Templum Iunonis Sospitae Matris Reginae
Festa celebrata il primo febbraio in onore di Iuno Sospes Mater Regina, Giunone Salvatrice Madre Regina, divinità proveniente da Lanuvio. Il culto venne importato a Roma nel 338 a.C. quando venne concessa la cittadinanza ai Lanuvini. Il tempio nel Forum Olitorium venne costruito nel 194 a.C. Era stato promesso da Caius Cornelius Cetegus nel 197 a.C. durante la guerra celtica.
Festa celebrata il 31 marzo in onore della dea Luna . Il culto venne introdotto al tempo del re Titus Tatius. Il tempio sul colle Aventinus venne consacrato al tempo del re Servius Tullius e fu bruciato ai tempi dell'imperatore Nerone.
Templum Magnae Matris (Cybele) in Palatino
Festa celebrata l'11 aprile in onore della dea Cybele Magna Mater. Il tempio sul colle Palatinus venne consacrato nel 191 a.C. dal pretore M. Iunius Brutus.
Templum Martis apud Portam Capenam
Festa celebrata il 1° giugno in onore di Mars . Si ricordava la dedicatio del tempio di Marte presso Porta Capena all'inizio della via Appia.
Templum Martis Ultoris in Capitolio
Festa celebrata il 12 maggio. Anniversario della dedicatio del tempio di Mars Ultor sul colle Capitolium.
Templum Martis Ultoris in Foro Augusti
Festa celebrata il primo agosto. Anniversario della dedicatio del tempio di Mars Ultor nel Forum Augusti. Il tempio venne costruito dall'imperatore Augustus dopo la battaglia di Philippi.
Festa celebrata l'8 giugno in onore della dea Mens, personificazione della Mente. Si ricordava l'anniversario della dedicatio del tempio sul colle Capitolium, la cui costruzione era iniziata, su indicazione dei Libri Sibyllini, nel 217 a.C. ad opera del praetor T. Otacilius Crassus, dopo la sconfitta del Lacus Trasimenus contro Annibale. Il tempio venne consacrato nel 215 a.C. dallo stesso Otacilius, allora duovir insieme a Q. Fabius Maximus, che consacrò invece il tempio di Venus Ericina in Capitolio.

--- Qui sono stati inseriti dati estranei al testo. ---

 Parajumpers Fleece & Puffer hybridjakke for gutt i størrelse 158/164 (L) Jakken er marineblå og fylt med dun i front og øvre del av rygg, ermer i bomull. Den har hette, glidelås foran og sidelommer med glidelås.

Festa celebrata il 19 giugno in onore di Minerva. Si ricordava la dedicatio del tempio sul colle Palatinus.
Il 15 maggio 495 a .C. venne consacrato al dio Mercurius un tempio sul colle Aventinus.
Festa celebrata il 13 novembre in onore della dea Pietas, personificazione del sentimento del dovere, della religiosità, dell'amore. Si ricordava la dedicatio del tempio. Esistevano due templi di Pietas, uno nella regio IX e uno nella XI regio di Roma.

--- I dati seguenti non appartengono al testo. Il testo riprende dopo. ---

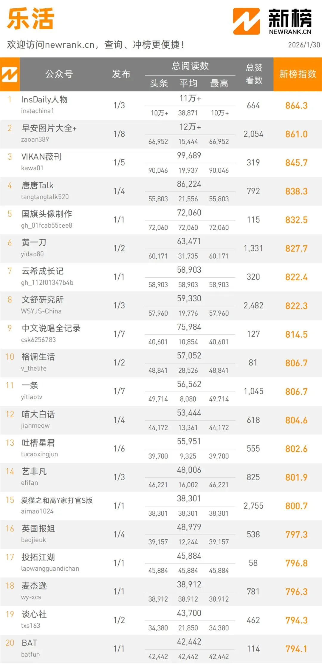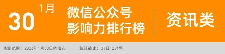 1月30日微信公眾號(hào)影響力排行榜 | 新榜發(fā)布

Festa celebrata il 29 giugno. Anniversario della dedicatio del tempio del dio Quirinus sul colle Quirinalis.
Festa celebrata il 5 agosto in onore di Salus , dea della salute e della prosperità sia privata che pubblica. Anniversario della dedicatio del tempio della dea. Nel 311 a.C. C. Iunius Bubulcus aveva promesso alla dea Salus un tempio da costruire sul colle Quirinalis.
Templum Semonis Sancus Dii Fidii in Quirinale
Festa celebrata il 5 giugno in onore di Semo Sancus Dius Fidius, antica divinità protettrice dei patti e dei giuramenti. Si ricordava la dedicatio, avvenuta nel 466 a.C., del tempio sul colle Quirinalis. Nel tempio venivano conservati i trattati.
Templum Solis et Lunae in Circo Maximo
La dedicatio del Templum Solis et Lunae era celebrata il 28 agosto.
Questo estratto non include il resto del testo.